Bad Blake é um alcóolatra nato. Carrega aquela básica garrafinha porta bebida e o seu companheiro violão. Mal tem dez dólares para entrar em um bar e pagar seu próprio vício. Apesar de ser um viciado, é um homem que tem carisma. Charmoso, autêntico, um poeta ao violão. Durante o filme, as letras de suas canções são como relatos de sua própria vida, logo a música em Coração Louco é a evocativa expressão da dor dramática e outras variadas emoções de uma história de vida que, ao chegar à maturidade, enfoca um ser mergulhado na solidão, um ser que precisa de redenção, de um solução que o tire da decadência. Assim como o Ram de O Lutador que também é viciado em um tipo de droga para dar-lhe o vigor físico e a "pseudo-confiança" psicológica de encarar os lutadores mais jovens, o álcool em Coração Louco é mais um analgésico e um escape onde as mágoas e frustrações são afogadas. Sua vida começa a mudar quando ele encontra uma repórter de uma cidadezinha, Jean Craddock (Maggie Gyllenhaal, em excelente atuação) a qual ele concede uma entrevista no jornal local. Bad e Jean se envolvem afetivamente como se fossem duas almas solitárias que fazem companhia um ao outro. Ela é mãe solteira, vive sozinha com o filho pequeno e só se dá mal com os homens. Ele vê nela uma mulher que o aceita, que o ama e que acredita em sua música. Aliás, no plano do romance, o mesmo também se assemelha a O Lutador porque, Ram também encontra Cassidy (Marisa Tomei), a dançarina de boate que cria o filho sozinha e eles têm um affair. Da mesma forma, tanto Ram quanto Bad tem problemas com os filhos que foram abandonados por eles e tentam reecontrá-los para buscar o perdão e, talvez, a possibilidade de construir uma nova relação familiar. Bad Blake também tem mágoas passadas do (ex) amigo, o cantor country Tommy Sweet (Colin Farrell) o qual reencontra nos palcos (da vida) em mais uma reviravolta do destino.
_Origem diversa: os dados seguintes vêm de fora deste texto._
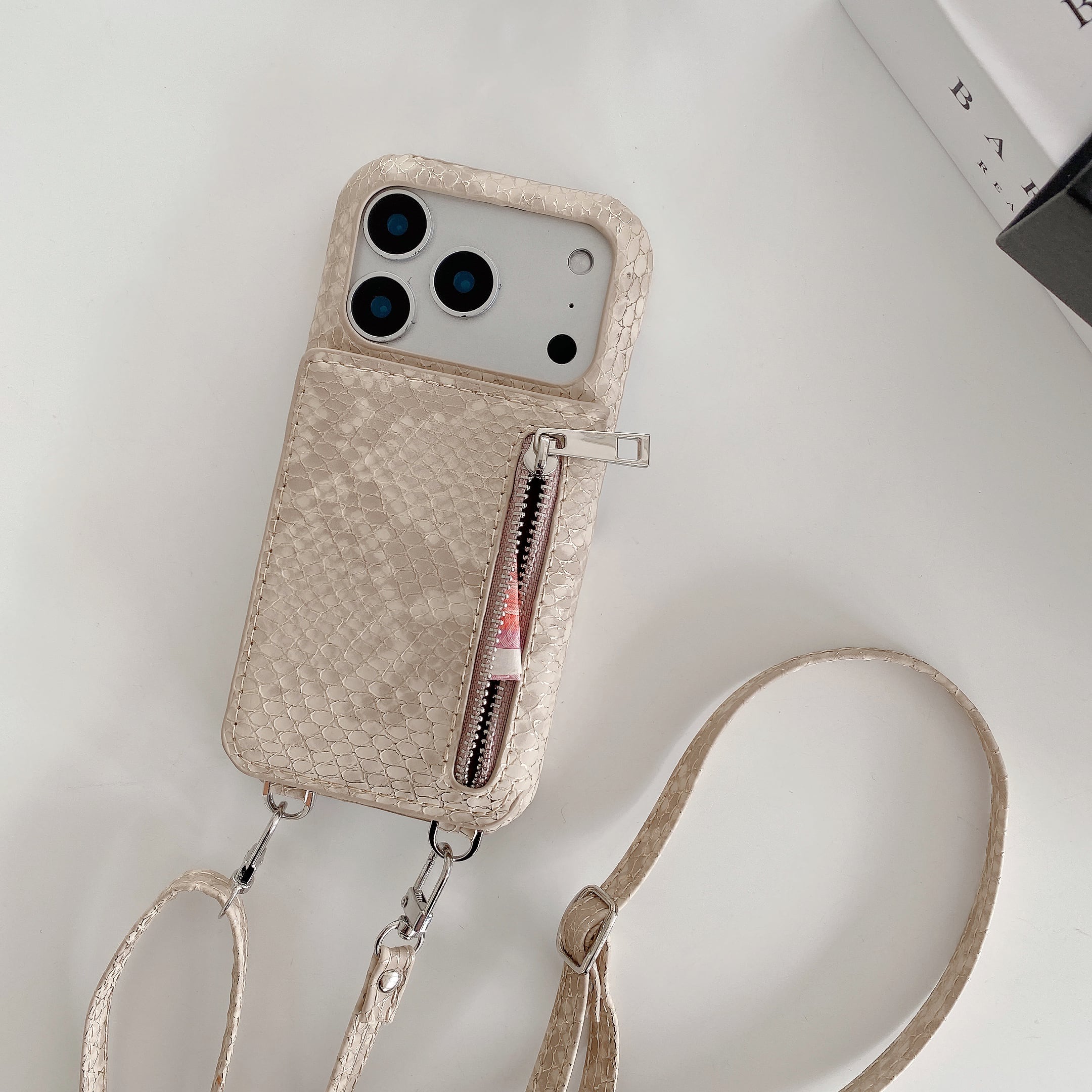 iPhone17シリーズ対応 パイソン柄PUレザー スマホショルダーケース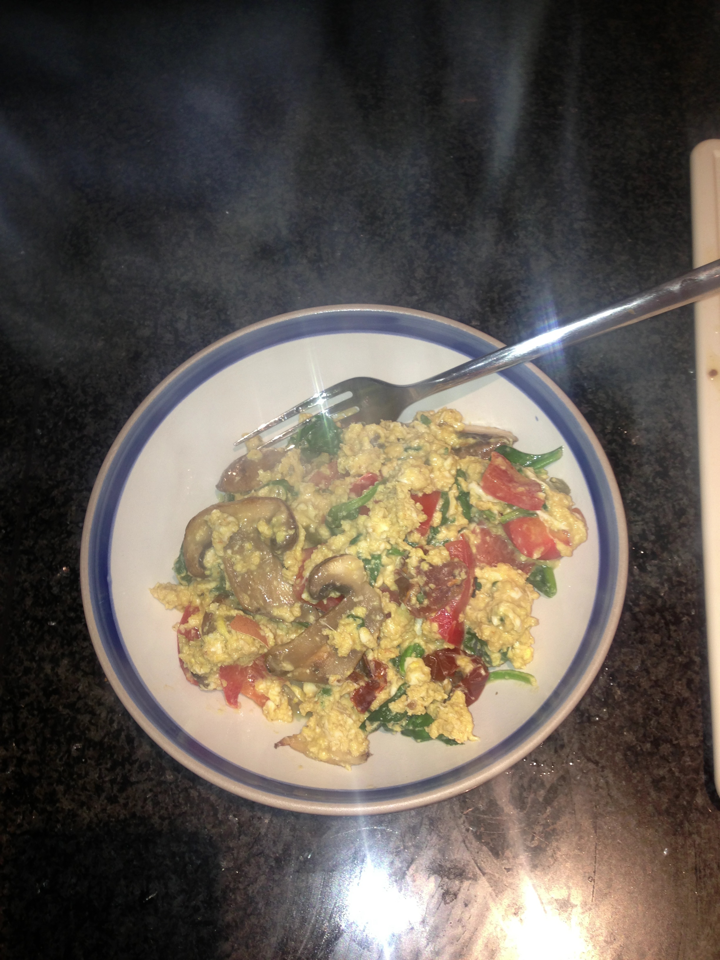 Tip the eggs on top of the Turkey – you can add tomatoes and mushrooms if you have an extra 2 minutes, I usually don’t

Sob esse panorama, o argumento de Coração Louco não é nada criativo, porém a beleza realista do mesmo é que é um drama contemporâneo, uma temática sólida, cruel, necessária. Há vários Bad Blaks e Ram(s) no mundo e uma das piores coisas que pode acontecer a um ser humano é lutar, lutar e lutar em uma vida que sempre bate, bate violentamente nele(a). De maneira geral, as pessoas talentosas se frustram demais com a queda, e até mesmo quando muito trabalho e dedicação parecem não levá-las a lugar algum. Quem nunca se sentiu assim? Um coração louco, um lutador. A vontade de cantar a própria dor, de esmurrar o adversário. A vontade de ser perdoado, perdoar e se perdoar, de se dar mais uma chance e acreditar na vida, de vencer o medo e correr para um destino sereno, de esquecer de chamar-se de fodido(a) e a vida de vadia. Não é preciso ser experiente como Bad Blake para sentir-se assim, apesar que chegar a esse drama na maturidade é bem mais doloroso, como se a ampulheta do tempo tivesse sugado qualquer esperança de uma vida mais digna. Por outro lado, verdadeiramente, Coração Louco é otimista porque ele mostra que o amor pode mudar uma pessoa. Ela precisa amar alguém e/ou amar algo para amar a si próprio(também), são como amores complementares que a impulsiona a uma mudança pessoal. Bad Blake só tomou uma decisão transformadora quando pôs em risco aqueles que ele aprendeu a amar e quando acreditou em sua música além da trivialidade das performances em bares baratos. A mudança só veio quando ele acreditou que seria capaz de compor sua música novamente, quando ele assumiu os seus medos; e esse é um dos momentos mais catalisadores de Coração Louco, mais belos para mais uma boa tentativa de seguir a vida, ainda viva, ainda vivo.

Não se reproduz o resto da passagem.